Abstract: We are experiencing an amazing data-centered revolution. Incredible amounts of data are collected, integrated and analyzed, leading to key breakthroughs in science and society. This well of knowledge, however, is at a great risk if we do not dispense with some of the data flood. First, the amount of generated data grows exponentially and already at 2025 is expected to be more than five times the available storage. Second, even disregarding storage constraints, uncontrolled data retention risks privacy and security, as recognized, e.g., by the recent EU Data Protection reform. Data disposal policies must be developed to benefit and protect organizations and individuals. Retaining the knowledge hidden in the data while respecting storage, processing and regulatory constraints is a great challenge. The difficulty stems from the distinct, intricate requirements entailed by each type of constraint, the scale and velocity of data and the constantly evolving needs. While multiple data sketching, summarization and deletion techniques were developed to address specific aspects of the problem, we are still very far from a comprehensive solution. Every organization has to battle the same tough challenges, with ad hoc solutions that are application specific and rarely sharable. In this talk I will discuss the logical, algorithmic, and methodological foundations required for the systematic disposal of large-scale data, for constraints enforcement and for the development of applications over the retained information. I will overview relevant related work, highlighting new research challenges and potential reuse of existing techniques, as well as the research performed in this direction in the Tel Aviv Databases group.

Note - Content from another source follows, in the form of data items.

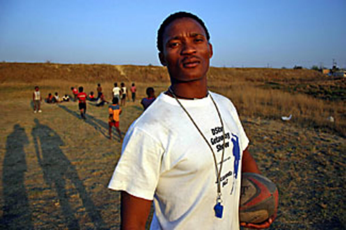 "I'm doing this because I'm tired of hearing that rugby is a white sport," says Bafana Thawuzeni, a Johannesburg fitness trainer and volunteer coach in Diepsloot. "Our country became free 14 years ago, so we should be equal. I'm doing this so that these kids have some exposure to all the sports in their country, not just the ones that blacks are supposed to be good at, like soccer."
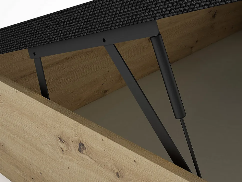 - Optez pour le sommier coffre NAMOSI 140 x 190 cm naturel clair et noir. Une grande capacité de rangement avec poignée et pistons à gaz pour une ouverture facile
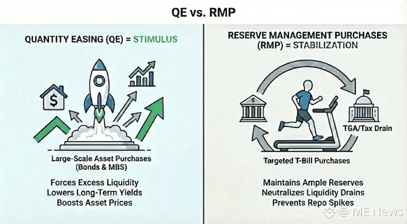 以下是美联储的储备管理购买计划(Reserve Management Purchases,RMP)在结构上与量化宽松(QE)的区别,以及其潜在影响的分析。
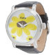 黄色ひまわりフローラ水彩追加の名前文字 腕時計
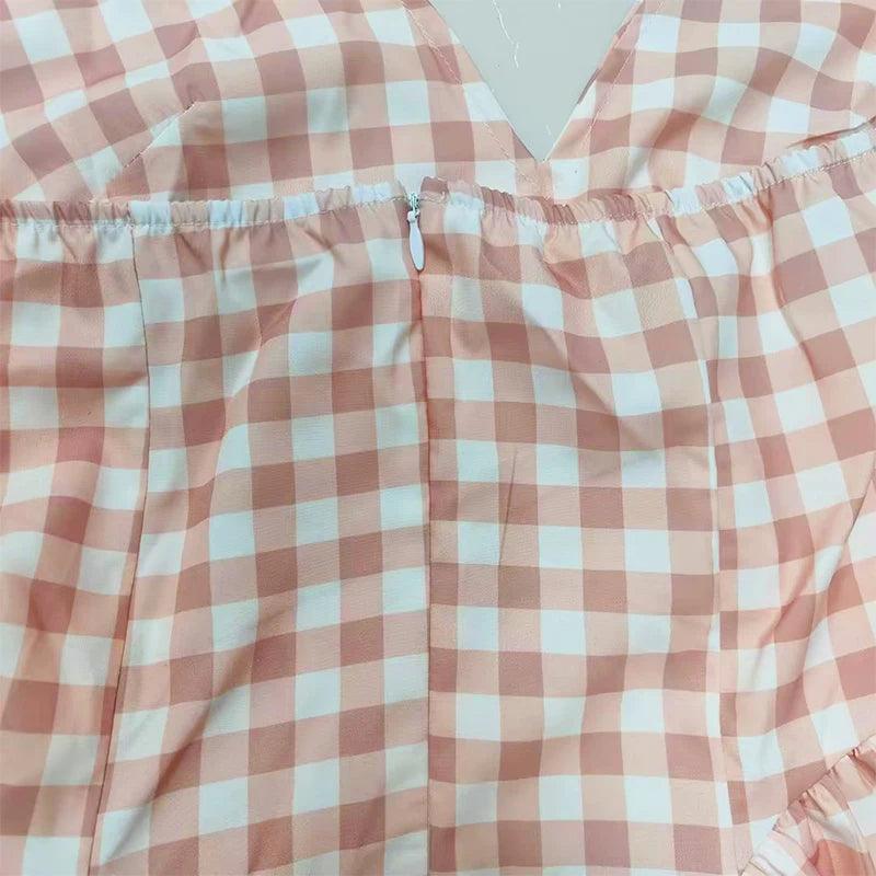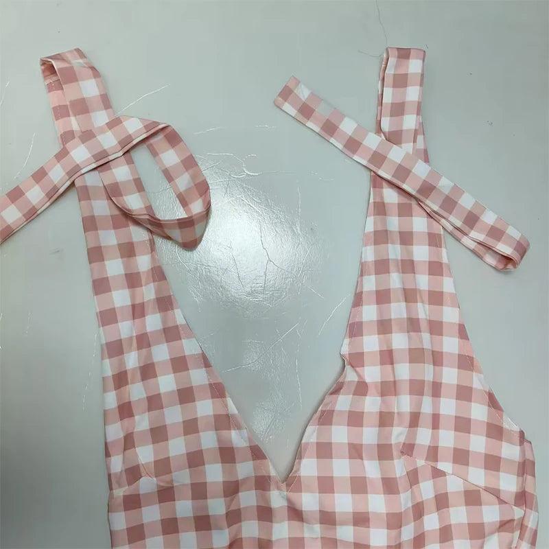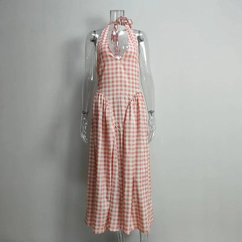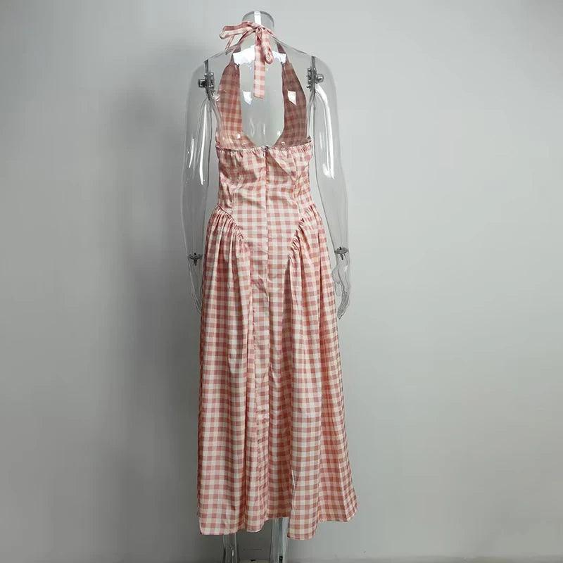 Women Pink Plaid Spliced Halter Lace Up Dress
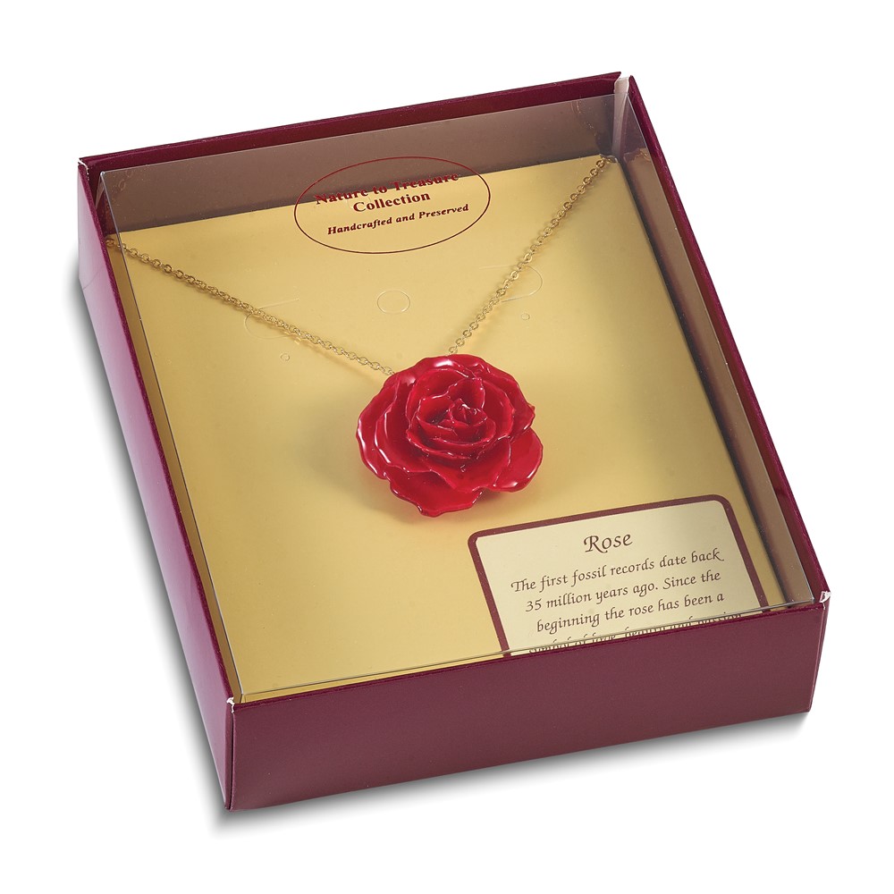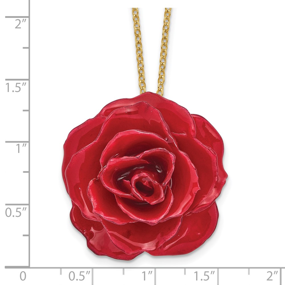 Lacquer Dipped Red Real Rose 20 inch Gold-tone Necklace
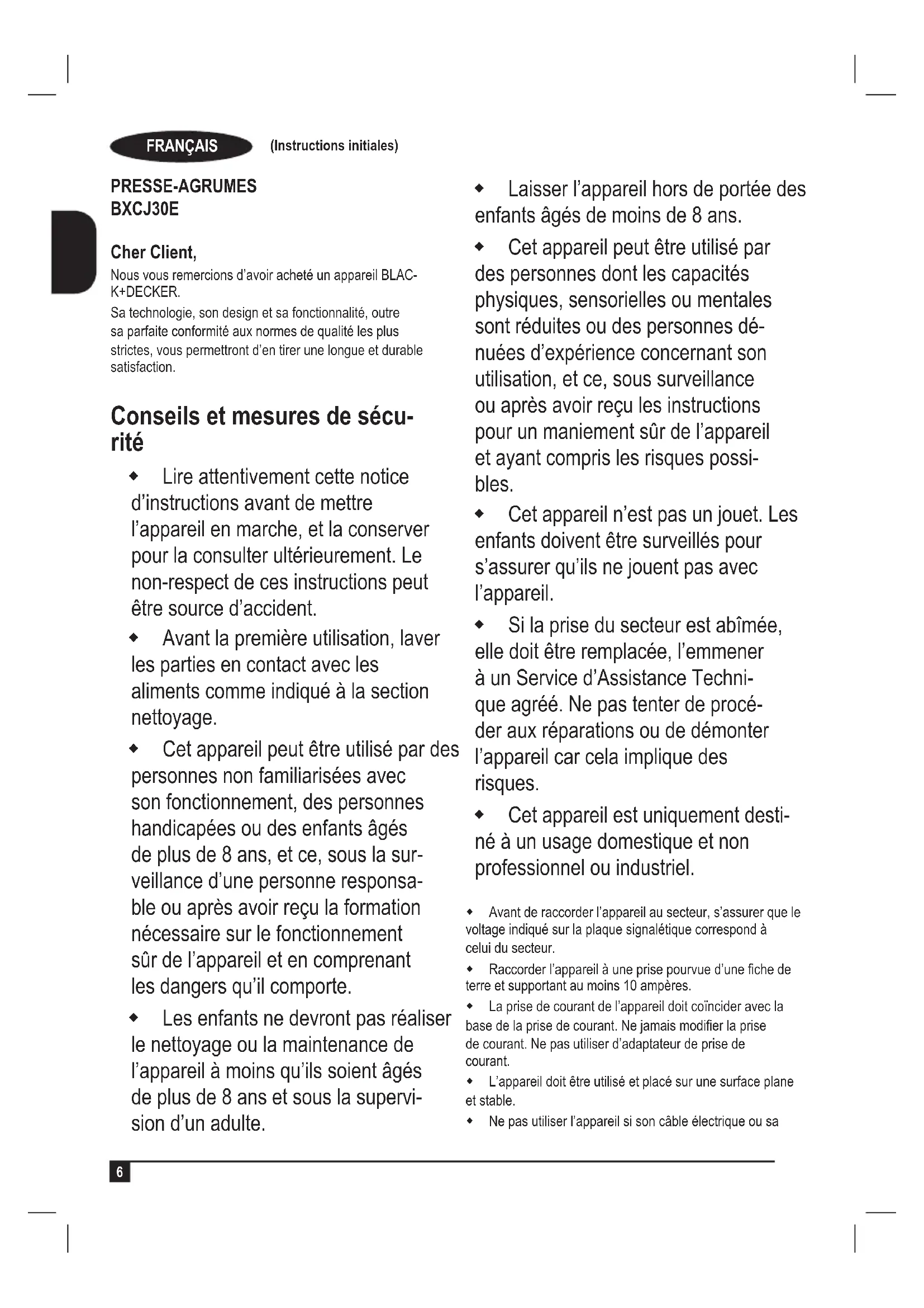 PRESSE-AGRUMES BXCJ30E Cher Client, Nous vous remercions d’avoir acheté un appareil BLAC- K+DECKER. Sa technologie, son design et sa fonctionnalité, outre sa parfaite conformité aux normes de qualité les plus strictes, vous permettront d’en tirer une longue et durable satisfaction. Conseils et mesures de sécu- rité Lire attentivement cette notice d’instructions avant de mettre l’appareil en marche, et la conserver pour la consulter ultérieurement. Le non-respect de ces instructions peut être source d’accident. Avant la première utilisation, laver les parties en contact avec les aliments comme indiqué à la section nettoyage. Cet appareil peut être utilisé par des personnes non familiarisées avec son fonctionnement, des personnes handicapées ou des enfants âgés de plus de 8 ans, et ce, sous la sur- veillance d’une personne responsa- ble ou après avoir reçu la formation nécessaire sur le fonctionnement sûr de l’appareil et en comprenant les dangers qu’il comporte. Les enfants ne devront pas réaliser le nettoyage ou la maintenance de l’appareil à moins qu’ils soient âgés de plus de 8 ans et sous la supervi- sion d’un adulte. Laisser l’appareil hors de portée des enfants âgés de moins de 8 ans. Cet appareil peut être utilisé par des personnes dont les capacités physiques, sensorielles ou mentales sont réduites ou des personnes dé- nuées d’expérience concernant son utilisation, et ce, sous surveillance ou après avoir reçu les instructions pour un maniement sûr de l’appareil et ayant compris les risques possi- bles. Cet appareil n’est pas un jouet. Les enfants doivent être surveillés pour s’assurer qu’ils ne jouent pas avec l’appareil. Si la prise du secteur est abîmée, elle doit être remplacée, l’emmener à un Service d’Assistance Techni- que agréé. Ne pas tenter de procé- der aux réparations ou de démonter l’appareil car cela implique des risques. Cet appareil est uniquement desti- né à un usage domestique et non professionnel ou industriel. Avant de raccorder l’appareil au secteur, s’assurer que le voltage indiqué sur la plaque signalétique correspond à celui du secteur. Raccorder l’appareil à une prise pourvue d’une che de terre et supportant au moins 10 ampères. La prise de courant de l’appareil doit coïncider avec la base de la prise de courant. Ne jamais modier la prise de courant. Ne pas utiliser d’adaptateur de prise de courant. L’appareil doit être utilisé et placé sur une surface plane et stable. Ne pas utiliser l’appareil si son câble électrique ou saFRANÇAIS (Instructions initiales)
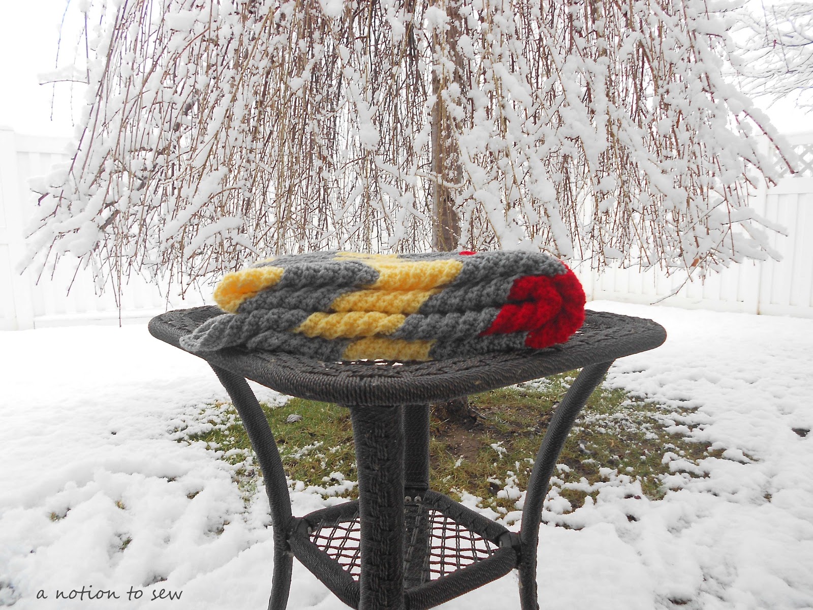 The pattern is a free one from here. I used a size I crochet hook, and the following Red Heart brand worsted weight yarn colors:
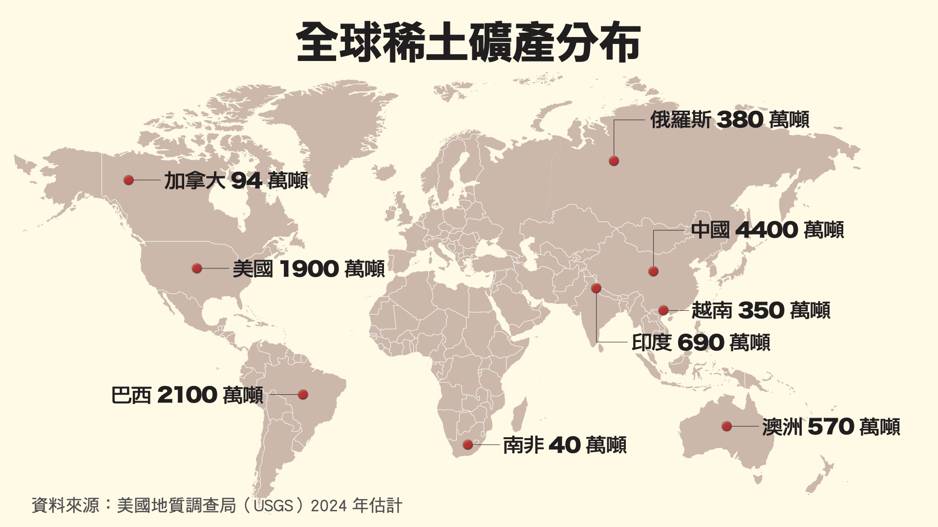 如果攤開全世界的稀土礦分布圖(如下),可以看到全世界幾乎各地都有,中國最多,達4400萬噸,美國1900萬噸、澳大利亞570萬噸,印度、巴西也都有。
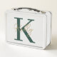 Modern Emerald Green Monogram Script Metal Lunch Box
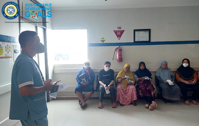 Hal ini telah dilakukan oleh beberapa mahasiswa keperawatan Universitas Airlangga yaitu kelompok 3 stase Keperawatan Medikal Bedah (KMB) yang sedang melaksanakan praktik profesi Ners di ruang Irna 6 Rumah Sakit Universitas Airlangga. PKRS dengan judul “Penatalaksanaan penyakit Asma” dilaksanakan dengan tujuan untuk meningkatkan pengetahuan keluarga dan pasien tentang penyakit asma. PKRS dilaksanakan di lantai 6 RSUA dan diikuti oleh 16 peserta yang merupakan keluarga pasien yang sedang dirawat di ruangan tersebut dan 5 mahasiswa praktik serta 1 pembimbing ruangan atau Clinical Instructur.
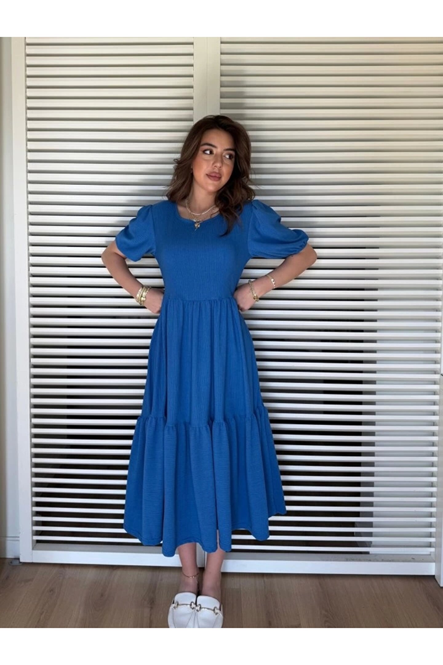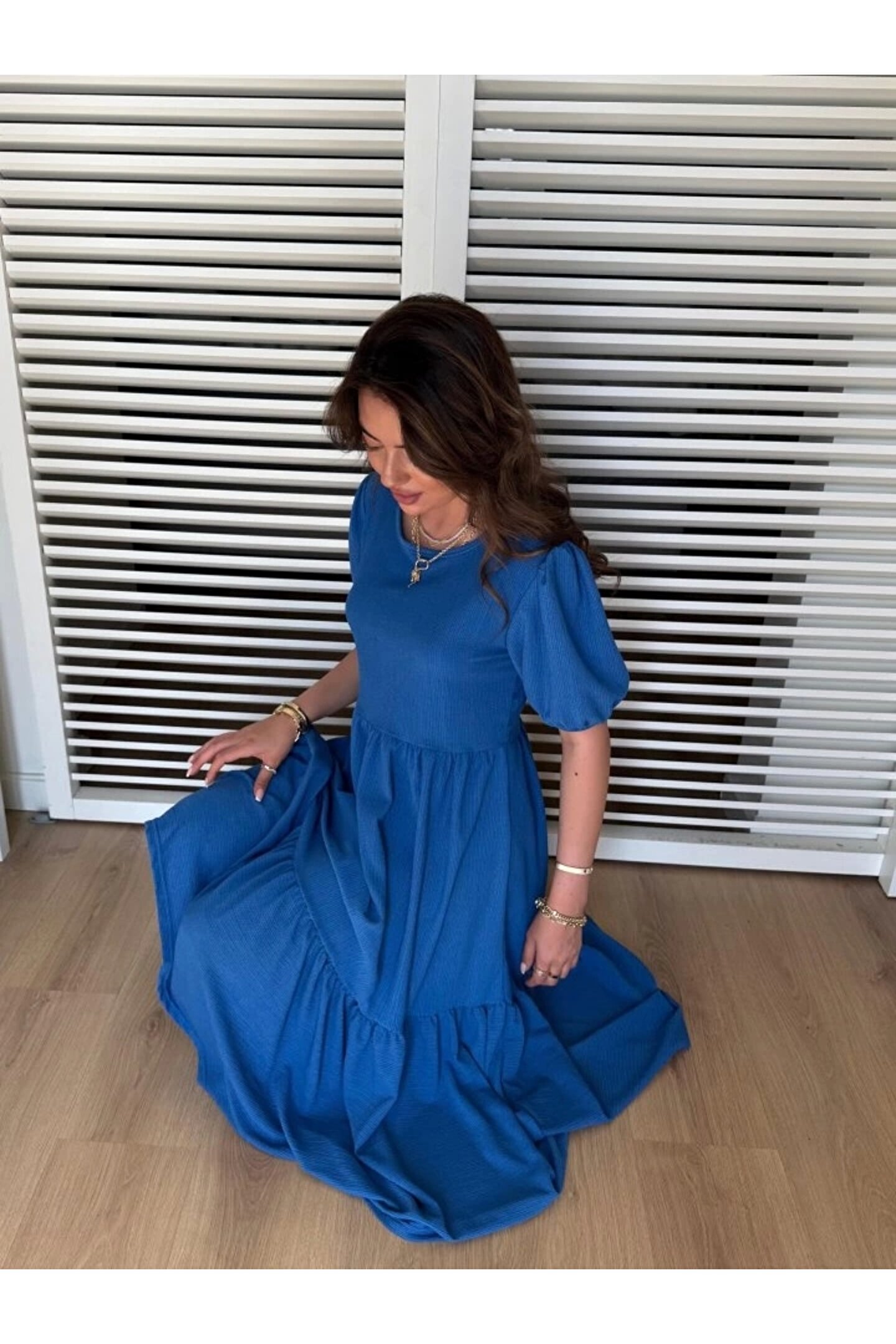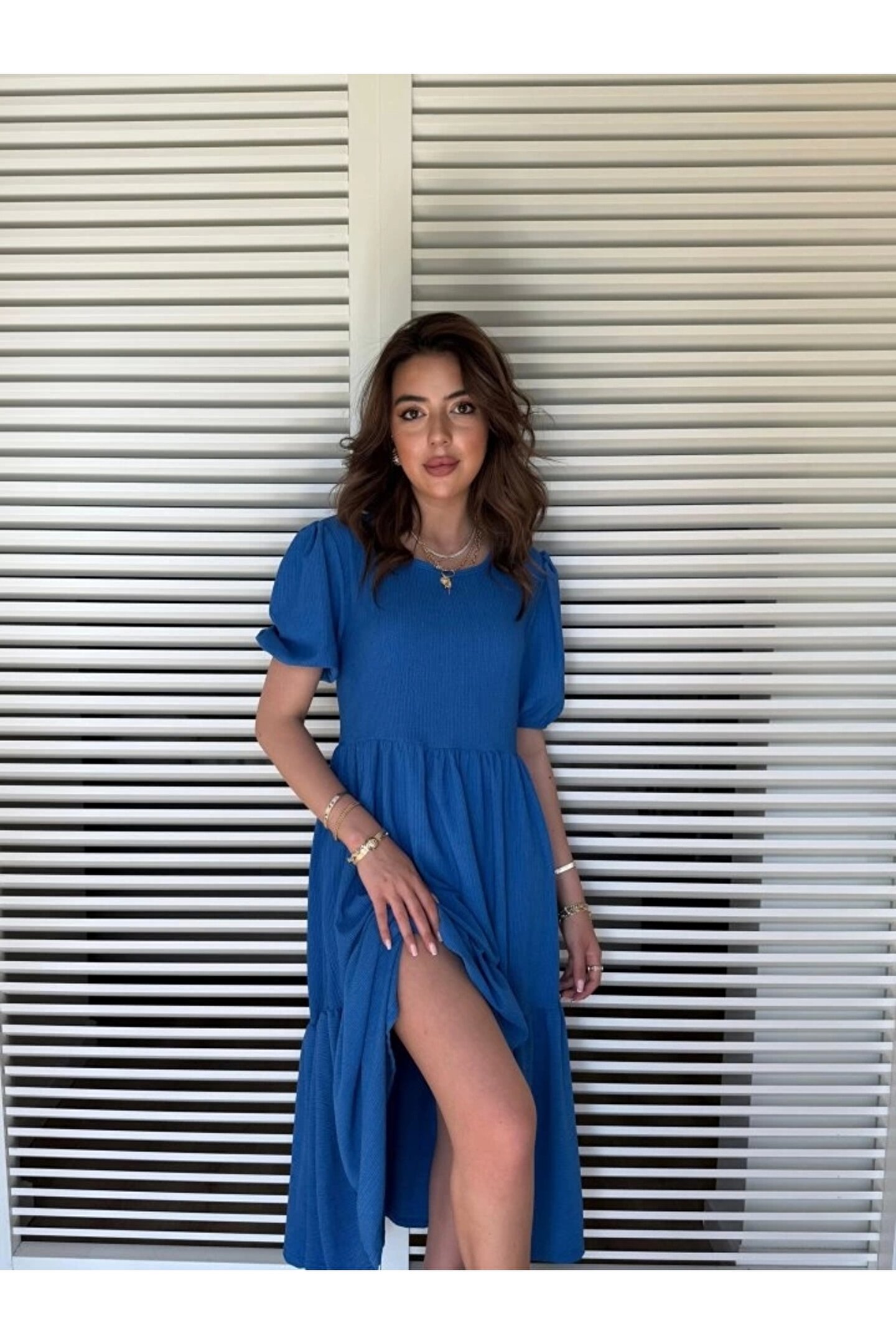 Kadın Kısa Kollu Yakası Açık Katlı Bürümcük Balon Elbise

About the Speaker: Tova Milo received her Ph.D. degree in Computer Science from the Hebrew University, Jerusalem, in 1992. After graduating she worked at the INRIA research institute in Paris and at University of Toronto and returned to Israel in 1995, joining the School of Computer Science at Tel Aviv university, where she is now a full Professor and holds the Chair of Information Management. She served as the Head of the Computer Science Department from 2011-2014. Her research focuses on large-scale data management applications such as data integration, semi-structured information, Data-centered Business Processes and Crowd-sourcing, studying both theoretical and practical aspects. Tova served as the Program Chair of multiple international conferences, including PODS, VLDB, ICDT, XSym, and WebDB, and as the chair of the PODS Executive Committee. She served as a member of the VLDB Endowment and the PODS and ICDT executive boards and as an editor of TODS, IEEE Data Eng. Bull, and the Logical Methods in Computer Science Journal. Tova has received grants from the Israel Science Foundation, the US-Israel Binational Science Foundation, the Israeli and French Ministry of Science and the European Union. She is an ACM Fellow, a member of Academia Europaea, a recipient of the 2010 ACM PODS Alberto O. Mendelzon Test-of-Time Award, the 2017 VLDB Women in Database Research award, the 2017 Weizmann award for Exact Sciences Research, and of the prestigious EU ERC Advanced Investigators grant.